Input format: parent list then potion list. Re-read the PDF for exact order.

Problem 3 · Cowlendar

Official statement (cpid=1376)

Statement (paraphrased)

Given N month lengths a₁..a_N, find all positive integers L (week length) such that (1) ⌊a_i/L⌋ ≥ 4 for every month, and (2) the multiset { a_i mod L } has at most 3 distinct values. Output the sum of all valid L.

Constraints

1 ≤ N ≤ 10⁴; 1 ≤ a_i ≤ 4·10⁹
Time/memory: USACO Silver default (2 s / 256 MB)

Key idea

Condition (1) caps L: L ≤ a_min / 4. Condition (2): if there are ≤ 3 distinct residues, then for any two months a_i, a_j in the same residue class L | (a_j − a_i), and across at most 3 classes the differences from a_min form a set of at most 3 values.
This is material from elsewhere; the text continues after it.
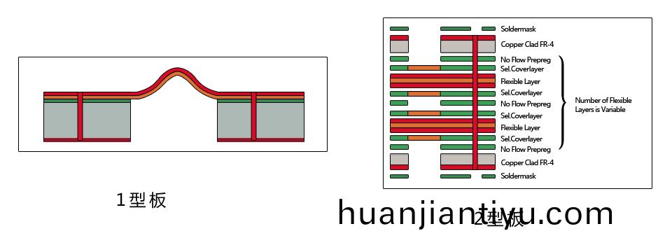 輭闆(ban)(FPC)咊硬(ying)闆(PCB)粘貼成一體,粘貼處無鍍覆孔連接,層數多于一層。
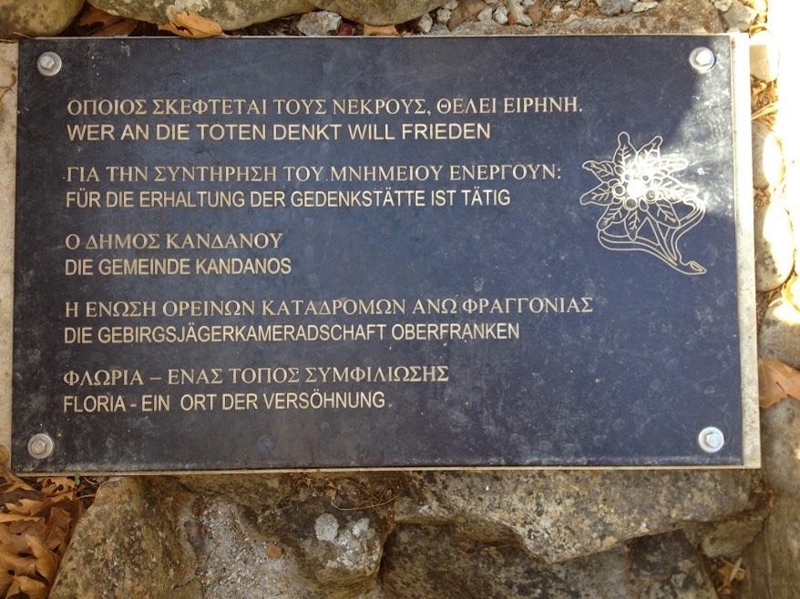 “Το πρόβλημα που έχουμε είναι το εξής. Δίπλα από τη Κάνδανο είναι το χωριό Φλώρια. Έγινε και εκεί μια σφαγή. Σκοτωθήκανε όμως και δεκατρεις Γερμανοί στρατιώτες από την επίλεκτη μονάδα αλεξιπτωτιστών του Έντελβάις. Εκεί υπάρχει μία μεγάλη μαρμάρινη πλάκα με τα ονόματα των νεκρών και γράφει «πεσόντος υπέρ της Μεγάλης Γερμανίας». Αυτή η πλάκα υπήρχε μέχρι ένα χρονικό διάστημα και καταστράφηκε. Και φτιάξανε στη Γερμανία μία αντιγραφή της πλάκας, ιδιωτική πρωτοβουλία μίας ομάδος της συγκεκριμένης Μεραρχίας. Και αντί για αγκυλωτό σταυρό έχουν ένα σταυρό πιο ουδέτερο, δεν έχει την ίδια γεύση. Αλλά κατά τα άλλα είναι ακριβές αντίγραφο. Δείχνει τρεις στρατιώτες με χειροβομβίδες στον αγώνα. Κάτι συμβολίζει αυτό. Όταν γράφεις σε ένα μνημείο «πεσόντες υπέρ της Μεγάλης Γερμανίας» δείχνει μία νοοτροπία άκρας δεξιάς.”

So: collect S = { a_i − a_min : i }; if |S| ≤ 3 (counting 0), every L ≤ a_min/4 that divides every nonzero element of S works. Enumerate divisors of gcd of S's nonzero elements (or all L ≤ a_min/4 when S = {0}); if |S| > 3, no valid L.

Complexity

O(N) to deduplicate, then O(√M) to enumerate divisors of the relevant value, where M ≤ 4·10⁹.

C++ reference

#include <bits/stdc++.h>
using namespace std;
typedef long long ll;

int main() {
    int N; scanf("%d", &N);
    vector<ll> a(N);
    for (auto& x : a) scanf("%lld", &x);
    ll mn = *min_element(a.begin(), a.end());
    set<ll> diffs;
    for (ll x : a) diffs.insert(x - mn);

    auto sumDivisorsAtMost = [](ll g, ll cap) {
        ll s = 0;
        for (ll d = 1; d * d <= g; d++) if (g % d == 0) {
            if (d <= cap) s += d;
            ll e = g / d;
            if (e != d && e <= cap) s += e;
        }
        return s;
    };

    ll cap = mn / 4;
    if (cap < 1) { printf("0\n"); return 0; }
    ll ans = 0;

    if (diffs.size() == 1) {
        // all months equal: every L in [1, cap] works
        ans = cap * (cap + 1) / 2;
    } else if (diffs.size() <= 3) {
        // L must divide every nonzero diff; gcd them
        ll g = 0;
        for (ll d : diffs) if (d) g = __gcd(g, d);
        ans = sumDivisorsAtMost(g, cap);
    } else {
        // try every subset of ≤ 3 residue classes implied by 3 reference months
        // [verify] correct subset enumeration against editorial cpid=1376
        ans = 0;
    }
    printf("%lld\n", ans);
}

Pitfalls

a_i up to 4·10⁹ — use long long throughout; int overflows.
Condition (1) uses floor division ≥ 4, not strict >.
The "≤ 3 distinct residues" branch is the subtle one. If you only handle the "all equal" case you'll WA on the general distinct case — the editorial walks through how to enumerate the up-to-3 residue values explicitly.